Case 2. $A$ admits one eigenvalue $s$ of multiplicity $n$; necessarily $s$ is real and we may assume that $s=0$, that is, $A$ is nilpotent. If $\ker(A)$ has dimension $\geq 2$, then we are done; if $\ker(A)$ has dimension $1$, then $\ker(A^2)$ has dimension $2$ and we are done.

Case 3. $A$ admits (at least) $2$ non-real conjugate eigenvalues $s,\overline{s}$. If $u$ is an eigenvector associated to $s$, then $\overline{u}$ is an eigenvector associated to $\overline{s}$. Then consider $span((u+\overline{u}),(u-\overline{u})/i))$.

Answer 3

Probably easiest here is to use the irreducible factor $x^2-2x+2$ of the minimal polynomial. The kernel of $T^2-2T+2I$ has nonzero dimension (otherwise that factor would be absent from the minimal polynomial), and for any nonzero vector $v$ of that kernel the subspace spanned by $v$ and $T(v)$ is invariant (since $T^2(v)=2T(v)-2v$) and of dimension$~2$ (since $v$ is not annihilated by any polynomial of degree${}<2$ in $T$, which polynomial would have to divide $x^2-2x+2$).

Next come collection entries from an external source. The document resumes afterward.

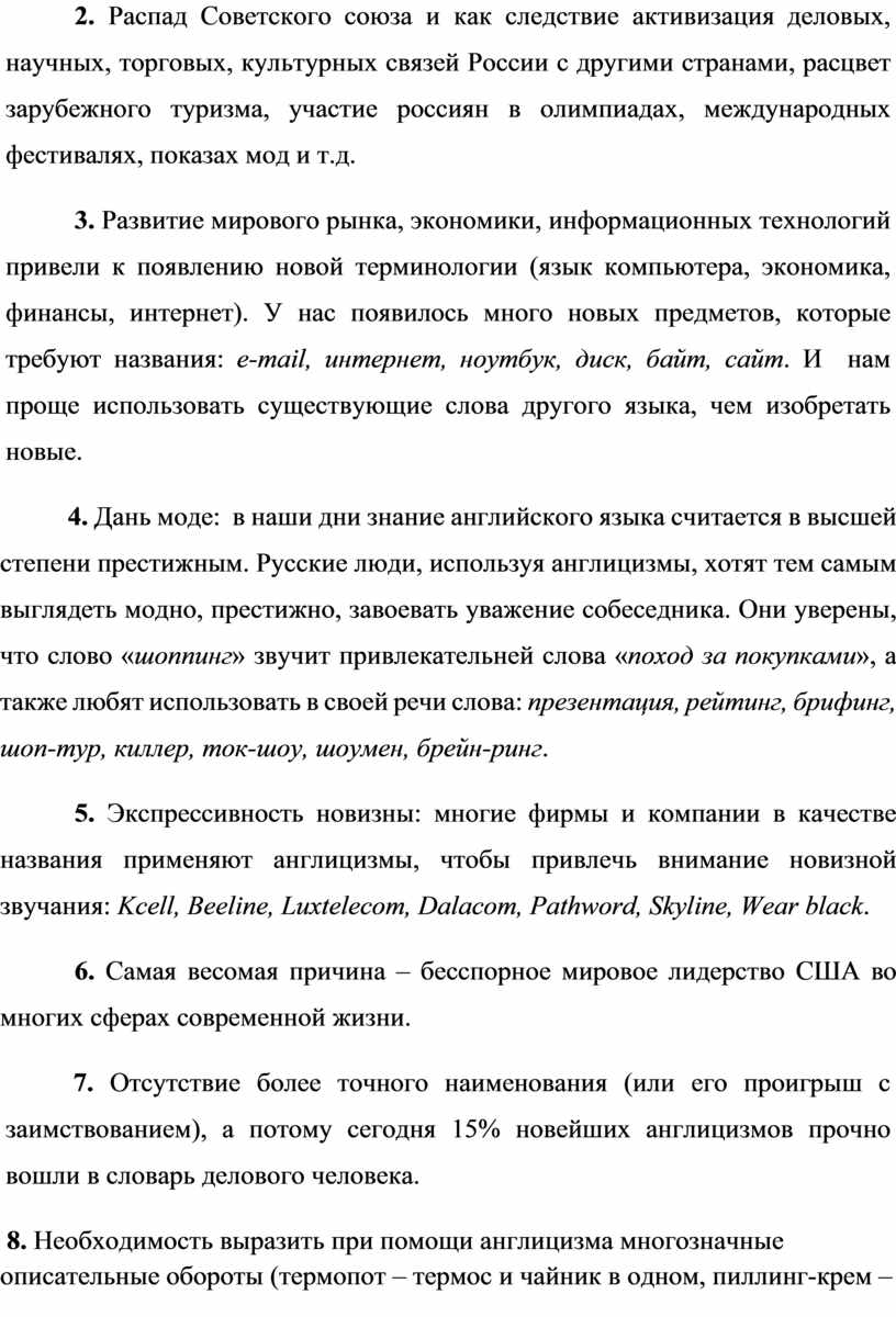 Каковы же причины этого огромного потока англицизмов в русской речи? Мы выделим наиболее важные на наш взгляд:
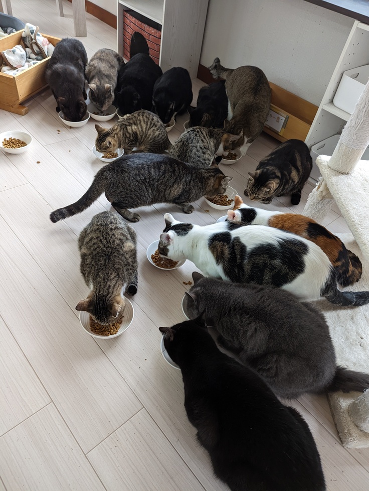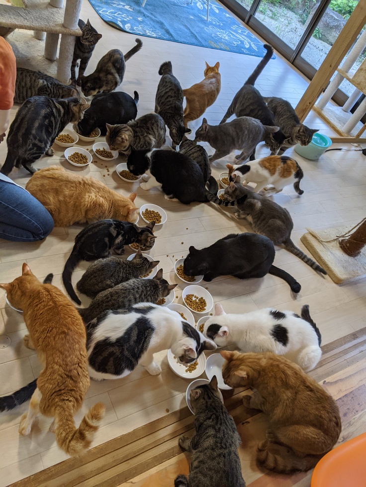 現在、オハナでは24匹、自宅では32匹の保護猫が暮らしております。
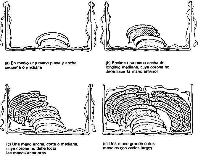 Las manos o manojos deben embalarse en cajas, con la parte curva hacia arriba, como se indica en la Figura 38, asegurándose de que las coronas de las manos colocadas encima no dañen los bananos de debajo. Las cajas tienen que estar llenas pero no en exceso; de otro modo los bananos se dañarían, pues sería la propia fruta, y no las paredes de las cajas, la que soportaría el peso de las cajas colocadas encima.
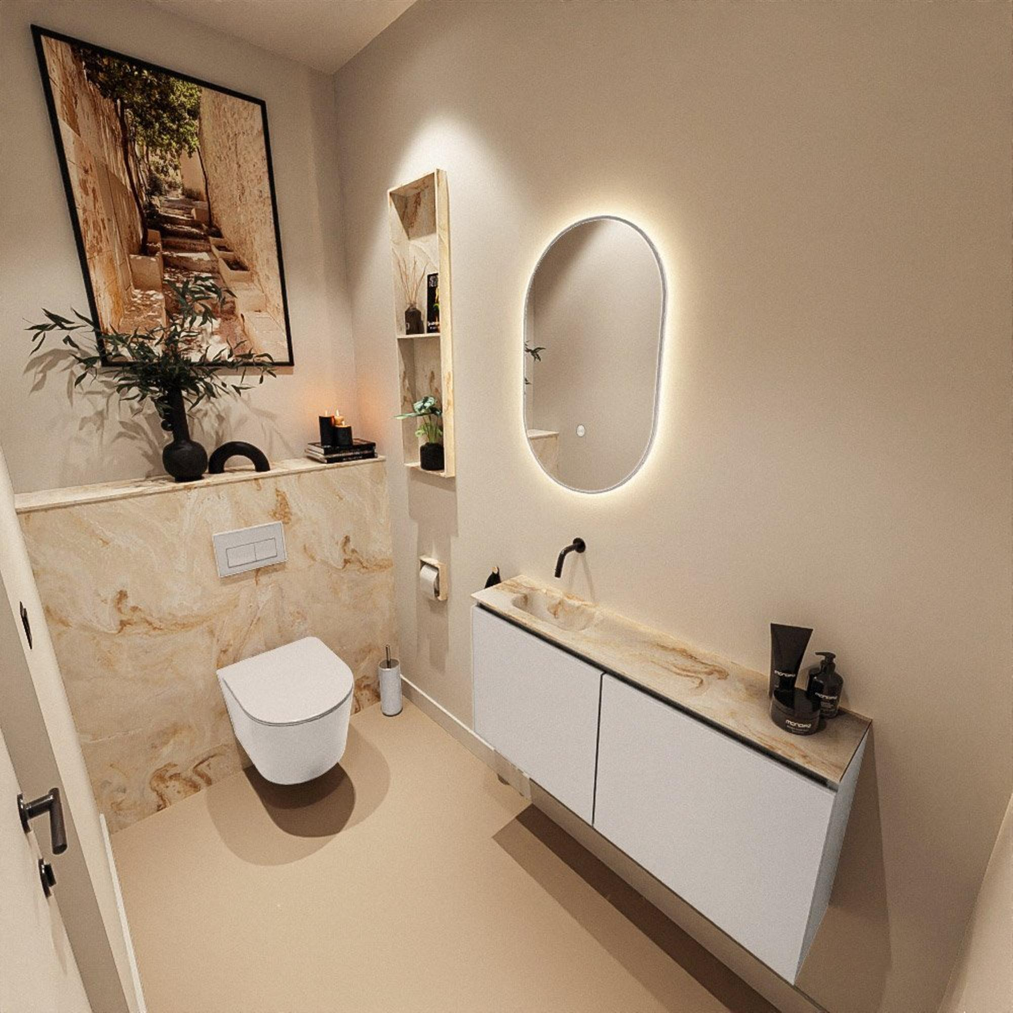MONDIAZ TURE-DLUX 100cm toiletmeubel Linen. EDEN wastafel Frappe positie links. Zonder kraangat.
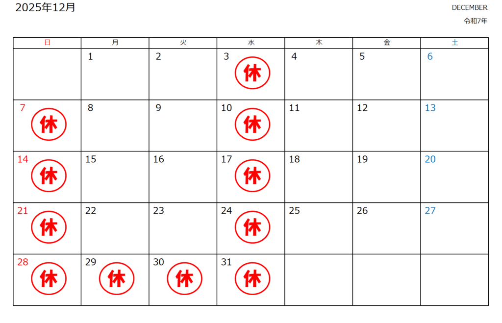 お知らせ 2025年12月休診日のお知らせ 2025.09.30 当院では下記日程を休診とさせていただきます。あらかじめご了承頂きます様、お願いいたします。 Tweet Share Hatena 2025年11月休診日のお知らせ 前の記事 2026年1月休診日のお知らせ 次の記事
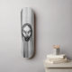 A black and white vampire skull.
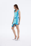 Signature wavy mini skirt in sustainably sourced yarns and recycled sequins. Side border details create a slimming optical illusion, while the statement print and wavy hem steal the show.
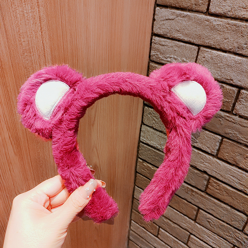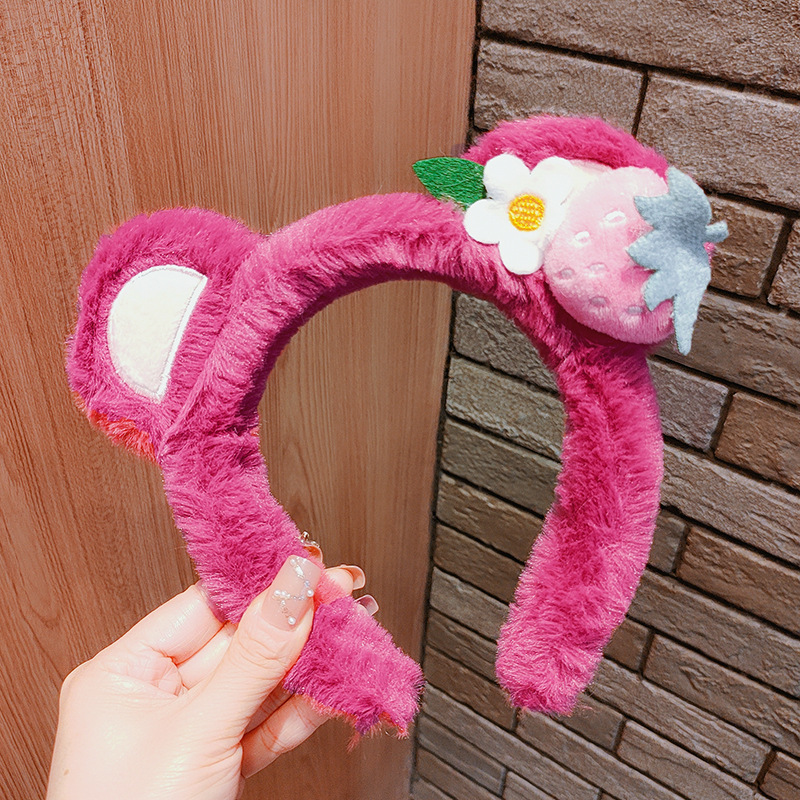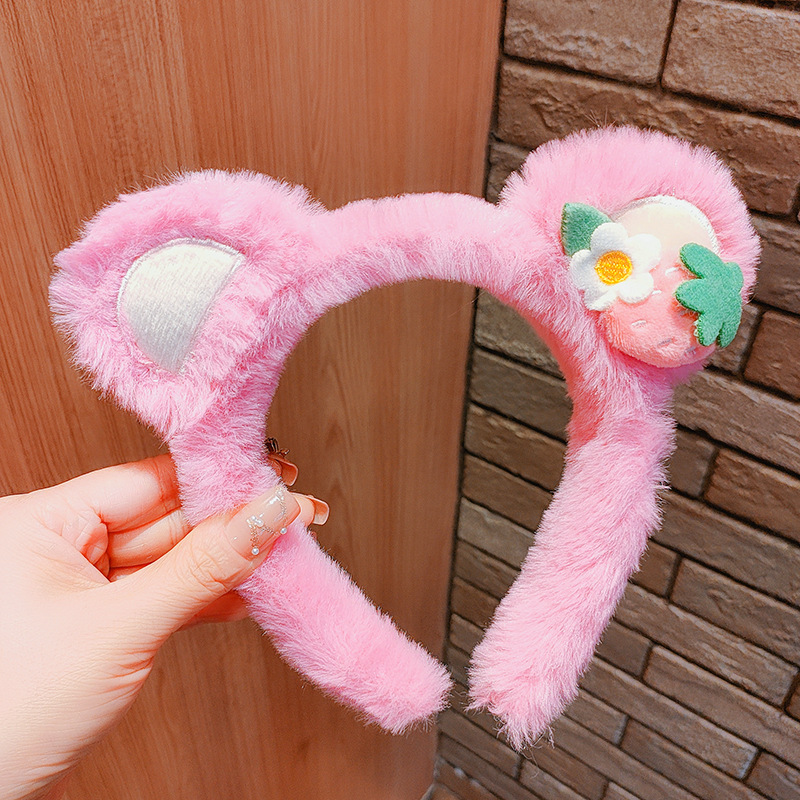 2-107 plush bear pink strawberry hair band

I should note that irreducibility of $x^2-2x+2$, while convenient, is not essential to the argument: for any monic polynomial divisor$~D$ of the minimal polynomial there are vectors that are annihilated by $D[T]$ but not by any lower degree monic polynomial of $T$, and under the action of $T$ such a vector spans an invariant subspace of dimension $\deg(D)$. In particular you can apply this in the example for $D=(x-3)^2$ too. And of course, since over $\Bbb R$ all irreducible polynomials have degree $1$ or $2$, any minimal polynomial of degree at least$~2$ has a divisor of degree exactly$~2$, from which it follows that for any linear operator $T$ on a finite dimensional real vector space of dimension at least$~2$ there exists a $2$-dimensional $T$ invariant subspace, as mentioned in the answer by loup blanc.